When you reach the line with "3月27日,调研组前往西乡县" in the records below, begin transcribing exactly and continue up to and including the line with "- Описание на", leaving out every picture.
═════ EXERCISE DATA
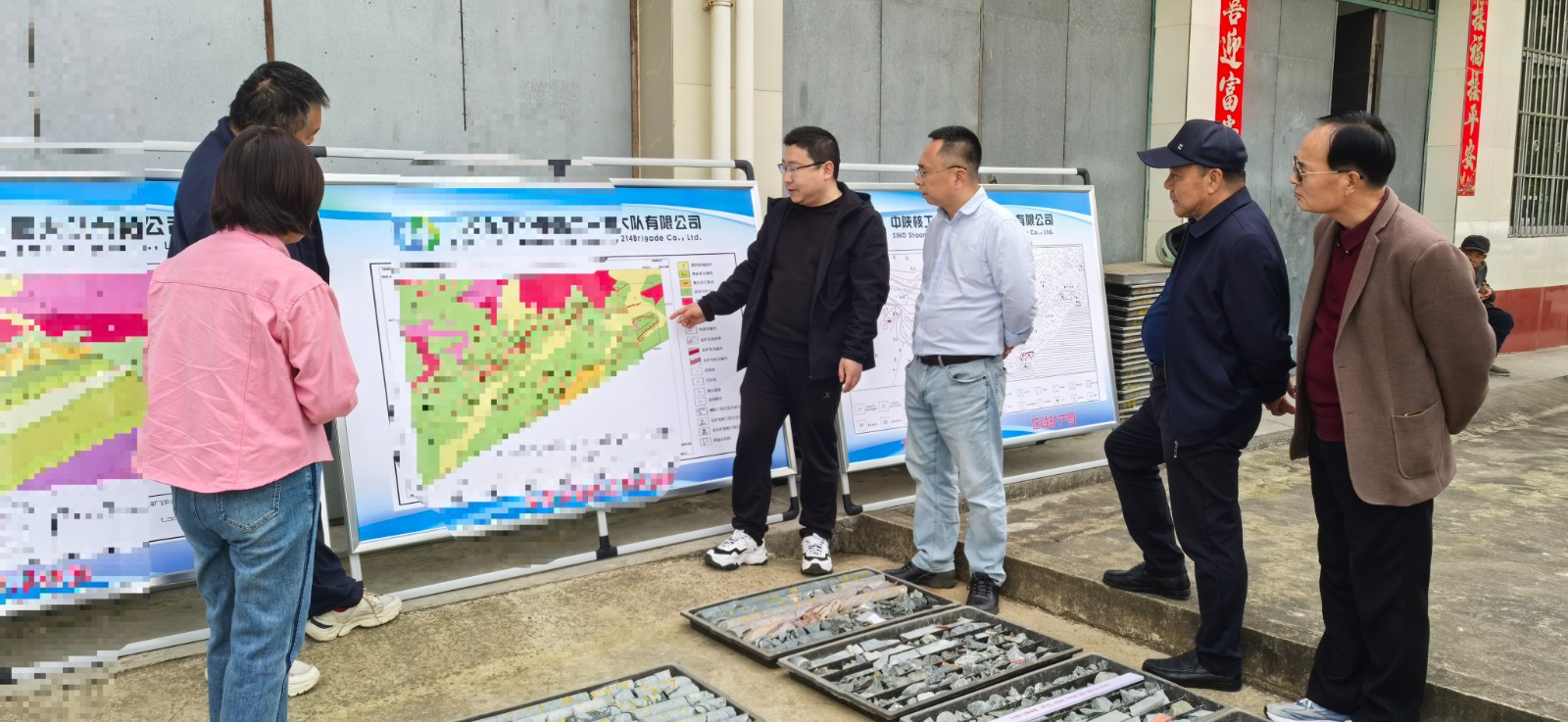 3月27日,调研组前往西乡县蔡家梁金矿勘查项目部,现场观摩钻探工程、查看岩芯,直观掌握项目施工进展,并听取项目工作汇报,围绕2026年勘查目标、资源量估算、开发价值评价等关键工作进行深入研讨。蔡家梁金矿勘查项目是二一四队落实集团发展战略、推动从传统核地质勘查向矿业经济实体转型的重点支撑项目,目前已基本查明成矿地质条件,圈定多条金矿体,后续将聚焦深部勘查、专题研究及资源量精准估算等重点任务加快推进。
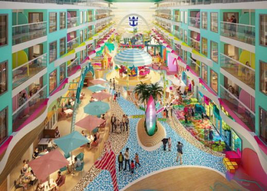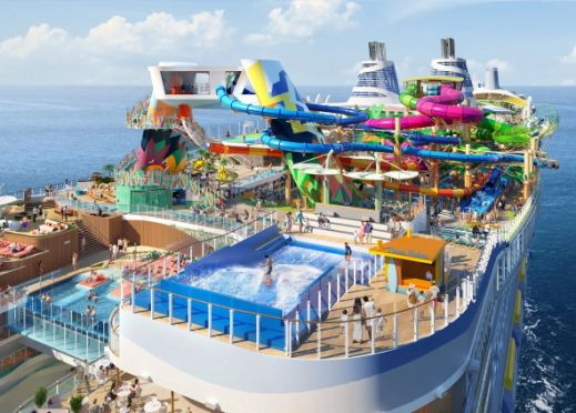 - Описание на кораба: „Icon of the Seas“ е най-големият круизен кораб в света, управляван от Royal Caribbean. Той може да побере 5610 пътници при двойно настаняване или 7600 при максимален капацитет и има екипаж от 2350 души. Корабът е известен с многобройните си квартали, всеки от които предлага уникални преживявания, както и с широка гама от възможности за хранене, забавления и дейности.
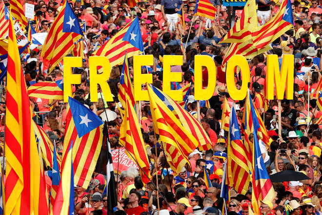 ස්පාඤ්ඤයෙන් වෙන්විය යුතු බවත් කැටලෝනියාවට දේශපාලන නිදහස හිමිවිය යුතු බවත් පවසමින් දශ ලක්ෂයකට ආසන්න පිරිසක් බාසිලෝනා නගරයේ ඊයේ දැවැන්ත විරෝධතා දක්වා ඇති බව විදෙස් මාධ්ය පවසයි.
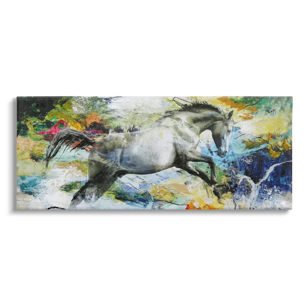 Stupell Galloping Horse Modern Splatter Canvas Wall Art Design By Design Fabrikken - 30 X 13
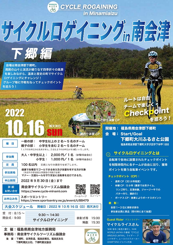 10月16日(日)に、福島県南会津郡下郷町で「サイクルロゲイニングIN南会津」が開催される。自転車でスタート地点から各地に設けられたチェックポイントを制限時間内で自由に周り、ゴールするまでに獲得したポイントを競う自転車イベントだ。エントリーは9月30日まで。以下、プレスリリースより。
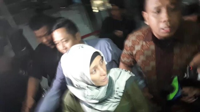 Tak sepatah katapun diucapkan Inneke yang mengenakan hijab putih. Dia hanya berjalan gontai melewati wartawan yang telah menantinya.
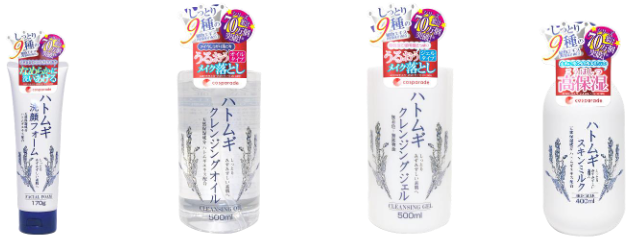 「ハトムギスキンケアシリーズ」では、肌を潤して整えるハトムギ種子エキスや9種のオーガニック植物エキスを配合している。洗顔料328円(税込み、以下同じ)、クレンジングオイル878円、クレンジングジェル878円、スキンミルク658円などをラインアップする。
══════════
═════ EXERCISE DATA
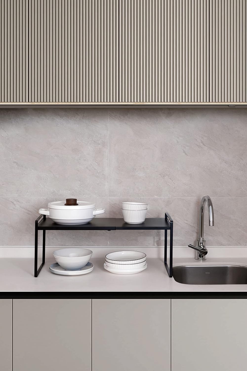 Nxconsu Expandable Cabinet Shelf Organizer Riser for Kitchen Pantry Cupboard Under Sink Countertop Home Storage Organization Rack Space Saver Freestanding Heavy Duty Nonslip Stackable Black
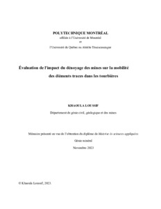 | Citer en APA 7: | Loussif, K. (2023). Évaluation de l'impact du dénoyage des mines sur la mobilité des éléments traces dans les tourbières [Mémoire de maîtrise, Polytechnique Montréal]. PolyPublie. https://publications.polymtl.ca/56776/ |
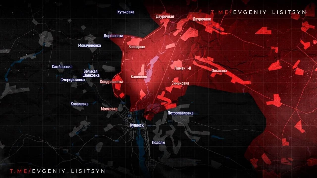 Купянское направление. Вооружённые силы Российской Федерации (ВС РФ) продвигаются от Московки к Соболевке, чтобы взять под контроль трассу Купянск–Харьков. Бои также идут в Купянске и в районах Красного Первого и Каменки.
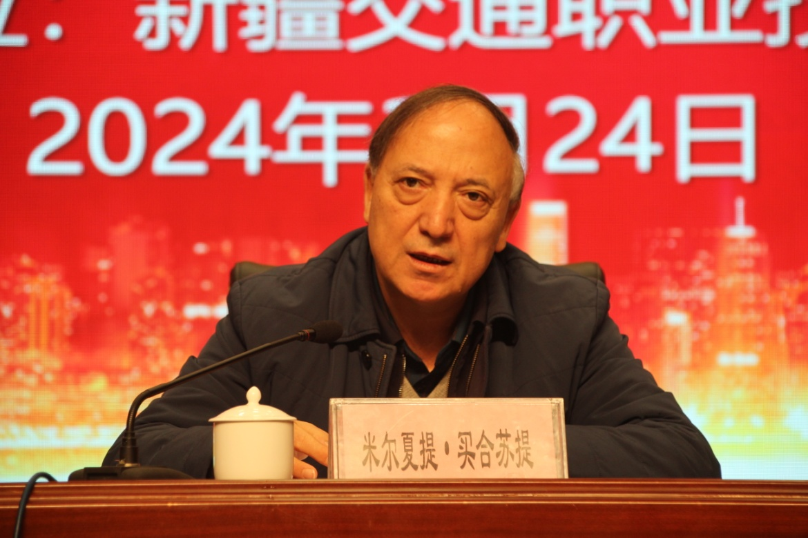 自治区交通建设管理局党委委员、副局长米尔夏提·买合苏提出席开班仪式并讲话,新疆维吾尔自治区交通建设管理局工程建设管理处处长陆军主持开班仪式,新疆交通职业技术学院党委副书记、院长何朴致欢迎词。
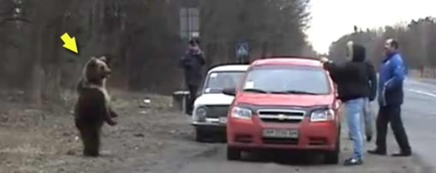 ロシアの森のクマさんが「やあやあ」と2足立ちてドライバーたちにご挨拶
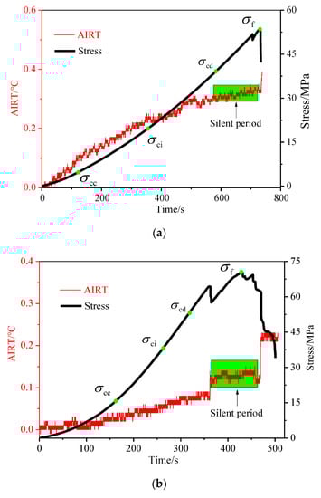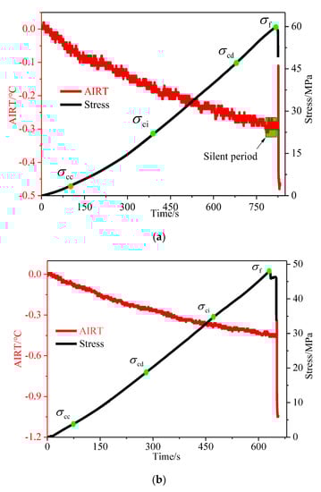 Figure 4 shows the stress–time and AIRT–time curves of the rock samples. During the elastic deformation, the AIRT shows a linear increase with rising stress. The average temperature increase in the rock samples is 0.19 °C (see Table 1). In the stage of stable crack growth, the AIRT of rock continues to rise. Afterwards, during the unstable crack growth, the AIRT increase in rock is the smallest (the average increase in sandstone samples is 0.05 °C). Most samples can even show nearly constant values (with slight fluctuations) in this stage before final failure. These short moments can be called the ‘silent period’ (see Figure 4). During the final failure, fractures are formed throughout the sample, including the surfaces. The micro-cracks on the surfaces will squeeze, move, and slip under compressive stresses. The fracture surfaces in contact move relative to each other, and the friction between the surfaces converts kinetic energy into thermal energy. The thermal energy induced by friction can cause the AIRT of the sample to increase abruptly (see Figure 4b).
══════════
→ RESULT OF THE TASK:
 3月27日,调研组前往西乡县蔡家梁金矿勘查项目部,现场观摩钻探工程、查看岩芯,直观掌握项目施工进展,并听取项目工作汇报,围绕2026年勘查目标、资源量估算、开发价值评价等关键工作进行深入研讨。蔡家梁金矿勘查项目是二一四队落实集团发展战略、推动从传统核地质勘查向矿业经济实体转型的重点支撑项目,目前已基本查明成矿地质条件,圈定多条金矿体,后续将聚焦深部勘查、专题研究及资源量精准估算等重点任务加快推进。
 - Описание на кораба: „Icon of the Seas“ е най-големият круизен кораб в света, управляван от Royal Caribbean. Той може да побере 5610 пътници при двойно настаняване или 7600 при максимален капацитет и има екипаж от 2350 души. Корабът е известен с многобройните си квартали, всеки от които предлага уникални преживявания, както и с широка гама от възможности за хранене, забавления и дейности.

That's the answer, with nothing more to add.